Tar Heels' Smith hangs milestone around Terrapins Coach's 700th win comes in 105-73 rout

January 10, 1991|By Don Markus

CHAPEL HILL, N.C. -- There was a lot for the University of Maryland basketball team to overcome last night: the size, depth and talent of fifth-ranked North Carolina; Tar Heels coach Dean Smith going for a historic victory; and, of course, last year.

In the end, as well as the beginning and the middle, the Terrapins couldn't get by any of those sizable obstacles. After beating North Carolina twice last season, Maryland was routed last night, 105-73, in an Atlantic Coast Conference game before an announced sellout crowd of 21,572 at the Smith Center.

The victory was the 10th straight for North Carolina (12-1, 1-0), but more significantly, it was the 700th for Smith. The victory -- coming in his 30th season and, even more impressive, his 904th game -- put Smith in an exclusive group with five other coaches.

The loss was the most lopsided for Maryland (8-5, 1-2) this season and the largest margin of defeat since Gary Williams took over as coach last season. It was not only the result of the Tar Heels playing so well in their belated ACC opener, but that the Terps were horrendous.

"You come down here to play the fifth-ranked team in the country, you have to do things right," said Williams. "We didn't do a lot of things right and we paid the price against a very good team."

Maryland shot poorly from the field (27 of 78 for 35.9 percent) and the free-throw line (14 of 27), was clobbered on the boards (55-42) and had none of the defensive intensity it had displayed during a recent stretch of six victories in seven games.

Also, Walt Williams cooled off considerably after a recent hot streak. Williams, who burned the Tar Heels for a career-high 33 points in College Park last season, missed his first six shots and finished with 16 points on seven-of-21 shooting. Matt Roe led the Terps with 23 points.

"The shots just weren't falling," said Williams, who had been averaging a shade under 26 points during his last five games. "I had open shots, but they didn't go in."

While Williams was being held in check by a combination of North Carolina guards Henrik Rodl and Hubert Davis, nobody appeared to be checking Davis.
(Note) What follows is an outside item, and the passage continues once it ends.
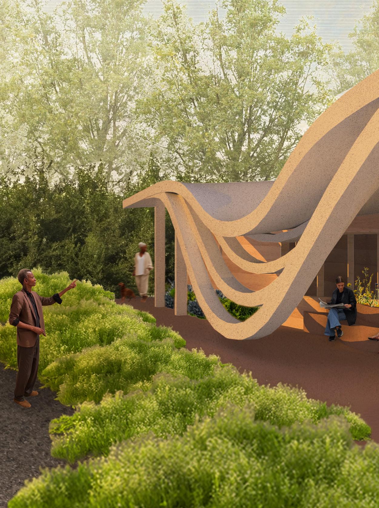 Undulations organize space through variation in height, derived from the Arboretum’s landscape, where elevation shapes movement and gathering. Taller volumes support quiet, reflective, and observatory use, while lower areas encourage collaboration, liveliness, and communication. These shifts draw movement into a central forum, establishing spatial congruence through form.

The junior guard more than doubled his season average of 11 points a game, finishing with a career-high 25. He was nine of 14 from the field, including five of eight on three-point tries.

"We were trying to find the open man," said Davis, who scored 17 points in the second half and helped North Carolina extend its 47-29 halftime lead. "We did a good job getting through their traps and even when we missed, George [Lynch] and Pete [Chilcutt] were hitting the boards."

Helped by early foul trouble on Maryland's Cedric Lewis -- the senior center picked up his second personal with a little more than four minutes gone -- the Tar Heels dominated the inside throughout the first half. Lynch finished with 18 points and 11 rebounds and Chilcutt had 17 points and nine rebounds. North Carolina also blocked 13 shots.

"They just didn't let me play like I know how," said Lewis, who was referring to either the Tar Heels or the officials, or both. "They could go over my back, but I couldn't go over theirs. I'm not going to blame this [loss] on that, but it was frustrating."

It was the kind of defeat many had predicted would be a regular occurrence for the so-far surprising Terps, considering the loss of personnel from last year's team. Although Roe and Kevin McLinton (13 points, seven rebounds and four assists) played well, most didn't.

"We didn't get a rebound off a missed free throw in the first half," said Gary Williams. "We didn't get a loose ball all night. We're just not a good road team yet."

Maryland has been a very good team (6-0) at Cole Field House this season, and that is where it will play Duke on Saturday. Maryland has not lost at home since dropping a 114-111 overtime decision to the Blue Devils last season, a stretch of 10 games.

It was certainly not easy playing here last night. The normally laid-back North Carolina fans seemed to be more into the game than usual, considering what was at stake for their beloved coach. And the Tar Heels players seemed to be trying to make up for last season, the first time in 10 years that Maryland had swept both games.

"It was a chance to be part of history, and we were," said Davis. "I also think that a lot of us had last year in the back of our minds. We wanted to come out and play hard."

Aside from a few members of the school band holding up placards reading "700" in the final minute of the game, there was little in the way of celebration. Typically, Smith downplayed the moment, not even mentioning it in his post-game news conference until the subject was broached.

"It's nice of people to notice, but it's more recognition of the guys who played here, the guys I was privileged to coach," he said. "I was probably more excited about the first game after we beat Virginia, 80-46. I didn't think we'd win a game that year."